According to human rights advocates, if it happens, the foundation and the regional offices would be banned and their activities paralyzed, and those who work for one of them could be prosecuted. Donating money to one of the two – something thousands of Russians have been doing on a regular basis in recent years – would also be a criminal offense punishable by imprisonment.

For now, several Navalny allies have dismissed the move to bring him to the jail hospital as inadequate. Navalny’s top strategist, Leonid Volkov, said no one should assume it was happening until opposition leader’s lawyers confirmed it. “Until the lawyers track him down, we will not know where he is and what is happening to him,” Volkov wrote in a Facebook post.

One of the lawyers arrived at the prison where Navalny was to be brought on Monday afternoon, but had not yet seen the politician, Volkov said.

Ivan Zhdanov, head of the Anti-Corruption Foundation, tweeted on Monday that the transfer would simply take the politician to another “troubled colony, with only a large in-patient facility, where serious illness is transmitted. . ”

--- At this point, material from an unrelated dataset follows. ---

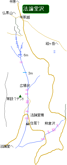坂尻から半原越への道があり、そこに流れる川は民家のあるところでは法論堂川というらしいが、リッチランドから幾分か乗越側に寄って川が林道を横切り、そこに架かる橋が法論堂沢橋ということになっているから、そこから奥が法論堂沢に換わると言うことになるとおもう。
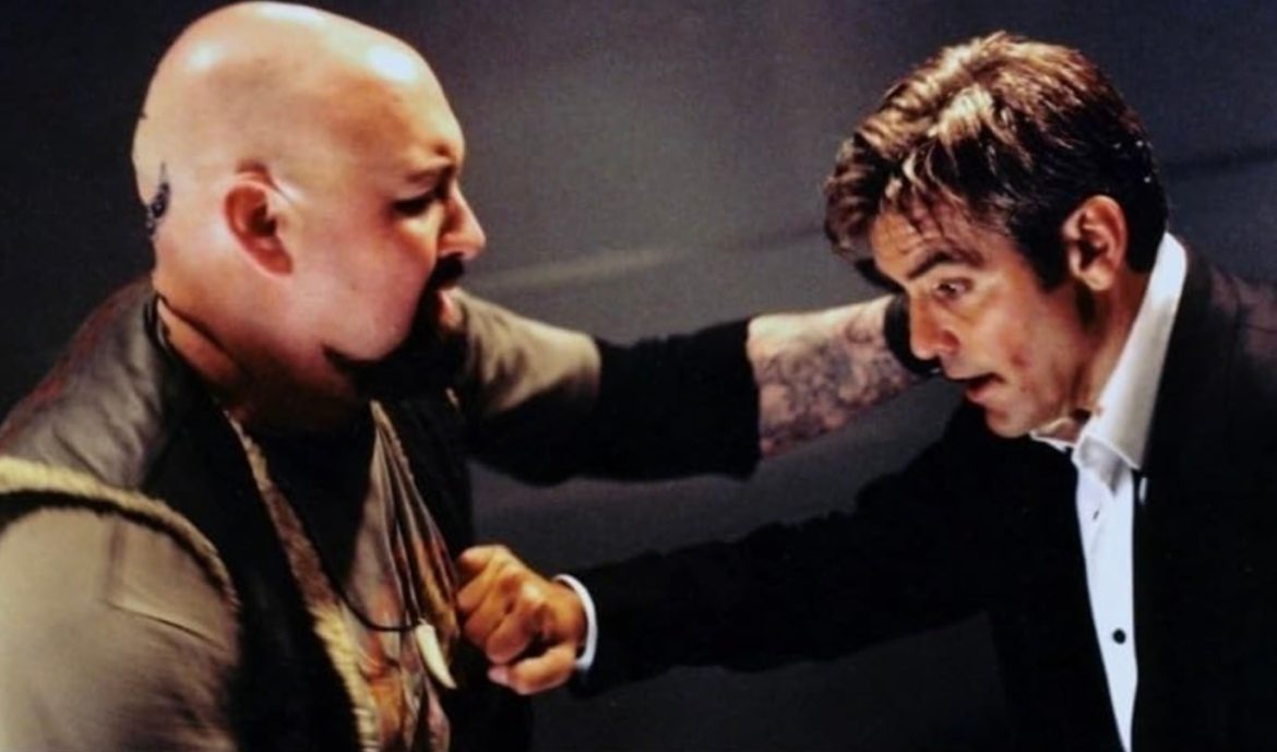 Na estreia de Schwartz em 2001 na franquia “Ocean’s”, Bruiser fingiu espancar o personagem de Clooney, Danny Ocean.

Dr Anastasia Vasilyeva, head of the Navalny-backed Alliance of Physicians ‘Union and also the politician’s personal doctor, noted that it’ is not a hospital where a diagnosis can be made and treatment (can) be prescribed for his not ailments’, but rather ‘A prison where tuberculosis is treated.’

She again asked the prison to show her and other doctors.

Since last month, the politician has been serving his sentence in a penal colony notorious for the difficult circumstances.

Navalny complained about being insomnia because guards checked on him hourly at night, saying he developed severe back pain and numbness in his legs within weeks of being transferred to the colony. Prison officials rejected his demands for a visit from an independent ‘civilian doctor’ and he began a hunger strike on 31 March.

In a message from the jail Friday, Navalny said prison officials threatened to treat him “threateningly,” using “forced jacket and other pleasures.”

Over the weekend, the French newspaper Le Monde published a letter to Putin, signed by dozens of prominent cultural figures – including writers Salman Rushdie and Mario Vargas Llosa, singer Patti Smith and actors Benedict Cumberbatch and Kristin Scott Thomas – asking them to to give Navalny access to the right medical care.

Dunja Mijatović, Commissioner for Human Rights of the Council of Europe, on Monday reiterated her call for Navalny’s release and to “give him full access to medical care in view of his serious deterioration in health.”